Versão Inglês

Ano:  1999  Vol. 65   Ed. 3  - Maio - Junho - (10º)

Seção: Relato de Casos

Páginas: 260 a 264

 

Policondrite Recidivante e Abcesso de Septo Nasal.

Relapsing Polychondritis the Abcess Nasal.

Autor(es): Julio Rodrigues*;
Rosemary Malatesta Delegido**;
Cristina Madvorge MaziFinamore** ,
Lara Bento Coelho**.

Palavras-chave: policondrite recidivante, esclerite, artrite, abcesso

Keywords: relapsing polychondritis, scleritis, arthritis, abscess

Resumo:
Os autores descrevem um caso no qual uma paciente se apresentou com abcesso de septo nasal. O abcesso foi drenado e reapareceu com outros sinais e sintomas, tendo sido feito então um diagnóstico clínico de policondrite recidivante. Iniciou-se tratamento com prednisona (VO), evoluindo o quadro mesmo assim, com piora e aparecimento de manifestações oculares, necessitando de tratamento hospitalar com corticóides sistêmicos Solu-Medrol.

Abstract:
The authors describe a case in which a patient presented with a abscess of the nasal septum. This patient had her abscess drained and it reappeared with others differents symptoms, when a clinical diagnosis of relapsing polychondritis was done. Oral Prednisone was used as the first treatment. Unhappily, the patient did not improve and was getting worst. At this time ocular manifestations appeared and the patient was hospitalized and received sistemic corticoides Solu-Medrol.

INTRODUÇÃO

A policondrite recidivante (PR) é uma doença rara, de etiologia desconhecida, que acomete a pessoas de ambos os sexos, em geral entre a quarta e quinta década de vida, manifestando-se em episódios, com inflamação das estruturas cartilaginosas de todo o organismo, com envolvimento ocular e otológico e, mais raramente, cardiovascular e respiratório.

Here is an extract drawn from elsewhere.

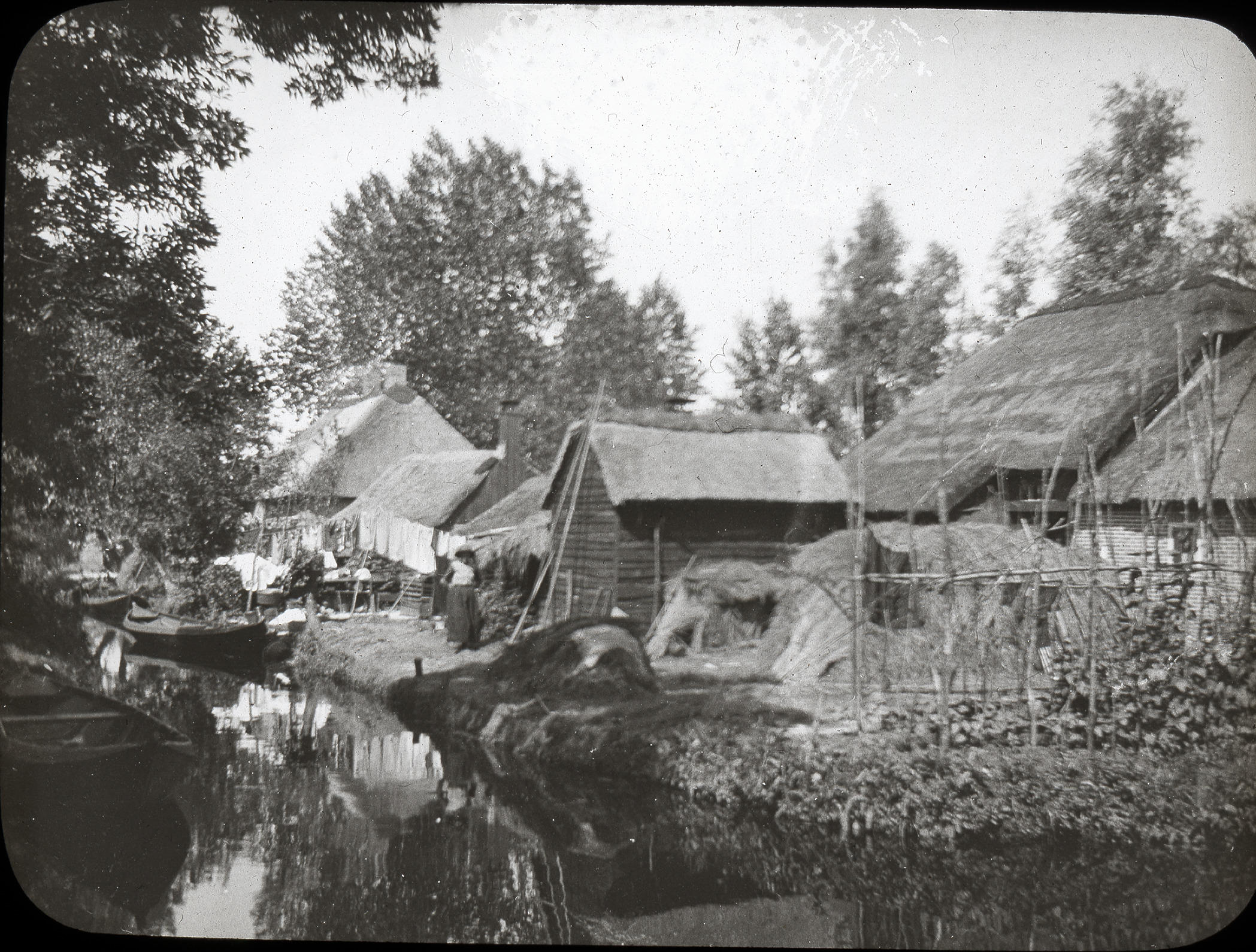 Erf, Giethoorn, vermoedelijk circa 1900 (zwart-wit dia)

A patogenia não é clara, parecendo ser de causa autoimune, com formação de anticorpos e liberação de enzimas. Os anticorpos reagem com o colágeno tipo 11 e as enzimas agem, principalmente, sobre a elastina e os glicosaminoglicanos presentes nas cartilagens.

O primeiro caso foi descrito por jaksch-Wartenhorst em 1923, apud Brink, H. e colaboradores, 1994.

O diagnóstico é clínico. Mc Adam9, em 1976, estudando 23 casos, propôs os seguintes critérios para diagnóstico:
1) condrite recorrente de ambos os vestíbulos auriculares;
2) policondrite inflamatória não erosiva;
3) condrite da cartilagem nasal;
4) inflamação de estrutura ocular incluindo conjuntivite, ceratite, esclerite, episclerite e ou uveíte;
5) condrite do trato respiratório incluindo laringe e ou cartilagem traqueal;
6) dano coclear e/ou vestibular, manifestado por perda auditiva neurossensorial, tinnitus e/ou vertigem.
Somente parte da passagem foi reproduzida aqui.